Post-doctoral researcher

Sheila Khan is a sociologist who has published on colonial and postcolonial political, historical and social narratives between Portugal and Mozambique from an interdisciplinary approach. Her current research focus is inspired by the following motifs: to understand how the transnational sharing of DNA data and forensic genetic technologies may interfere with the social and political construction of citizenship, democracy and security regarding the presence of the Other as the post-colonial immigrant and as the illegal immigrant; and to critically explore if collective memory of former colonial countries (The Netherlands, United Kingdom and Portugal) may influence the debates on civic consciousness and human rights with regard to the use of DNA data for social control and surveillance.

Filipa Queirós

Junior researcher

Filipa Queirós is a junior researcher at the Communication and Society Research Centre (CECS), University of Minho, and PhD student in Sociology at the University of Coimbra. Her work explores the controversies and conceptions of the body emerging from forensic DNA phenotyping technologies (FDP). In addition, she focuses on FDP’s technic developments and its wider impacts in the particular field of the criminal investigation.

Marta Martins

Junior researcher

Marta Martins is a junior researcher at the Communication and Society Research Centre (CECS) at the University of Minho. Her PhD research focuses on the media narratives about the application of DNA technologies in transnational criminal cases. She explores the circulation of such media narratives in the community of forensic experts and other professionals dealing with crime control activities.

Sara Matos

Junior researcher

Sara Matos is a junior researcher at the Communication and Society Research Centre (CECS), University of Minho. Her PhD research explores the topics of data protection issues related to criminal genetic databases in the context of transnational police and judiciary cooperation for fighting crime in the EU. Her work also focuses on views about privacy and data protection challenges from the part of different stakeholders in two national contexts – Portugal and the United Kingdom.

Laura Neiva

Junior Researcher

Laura Neiva is a junior researcher at the Communication and Society Research Centre (CECS), University of Minho. She holds a degree in Criminology (Faculty of Law of the University of Porto), and a Master degree in Crime, Difference and Inequality (Department of Sociology, University of Minho). Her research explores the expectations towards Big Data applied to transnational policing and criminal investigation. She explores in particular the views about Big Data from the point of view of different stakeholders, and the media narratives.
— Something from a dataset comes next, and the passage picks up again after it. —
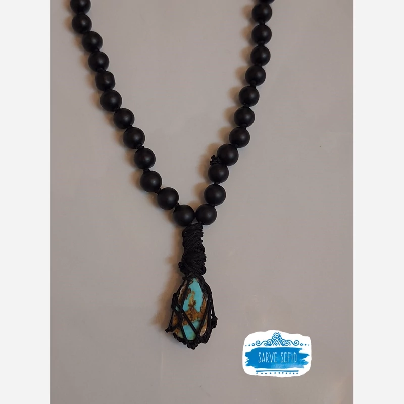 گردنبند اونیکس با اویز فیروزه معدنی اصل

Laura’s work aims to understand how expectations about Big Data might impact on the criminal justice, police and law enforcement.

scientific advisory committee

EXCHANGE benefits from the support of a Scientific Advisory Committee of internationally renowned forensic experts and social scientists, who provide advice to the team in various phases of the project, and meet annually to discuss findings and advancements of the research.

Amade M’charek

Professor of Anthropology of Science at the Department of Anthropology of the University of Amsterdam. She is the founding chair of the European Network for the Social Studies of Forensics (EUnetSSF). In December 2013, she was awarded an ERC consolidator grant for her most recent research project “Race Matter: On the Absent Presence of Race in Forensic Identification" (RaceFaceID).

Barbara Prainsack

Political scientist and Professor of Sociology at the Department of Social Science, Health, and Medicine at King's College London. She is a member of the UK National DNA Database Ethics Group and of the Austrian National Bioethics Council. She is also Honorary Senior Research Fellow at the Department of Twin Research and Genetic Epidemiology at St Thomas’ Hospital, and a Fellow of the Royal Society of Arts.

Peter M. Schneider

Full Professor at the Institute of Legal Medicine of the University of Cologne, where he is Head of the Division of Forensic Molecular Genetics. Since 2012, he is coordinator of the EU-funded 7th framework project "European Forensic Genetics Network of Excellence – EUROFORGEN-NoE", which aims at establishing a European research infrastructure in forensic genetics.

Robin Williams

Professor of Forensic Science Studies in the Centre for Forensic Science at Northumbria University, Professor Emeritus in the School of Applied Social Sciences at Durham University, and a Visiting Professor in the Policy Ethics and Life Sciences Research Centre at Newcastle University. He is the Northumbria University lead investigator in the FP7 funded EUROFORGEN-NoE.

Kees van der Beek

Retired manager of the Dutch Forensic DNA database which is based at the Netherlands Forensic Institute (NFI). Leading DNA scientist of the EU Working Group on Information Exchange and Data Protection (DAPIX). Former member of the Scientific Advisory Committee (October 2015 to July 2017)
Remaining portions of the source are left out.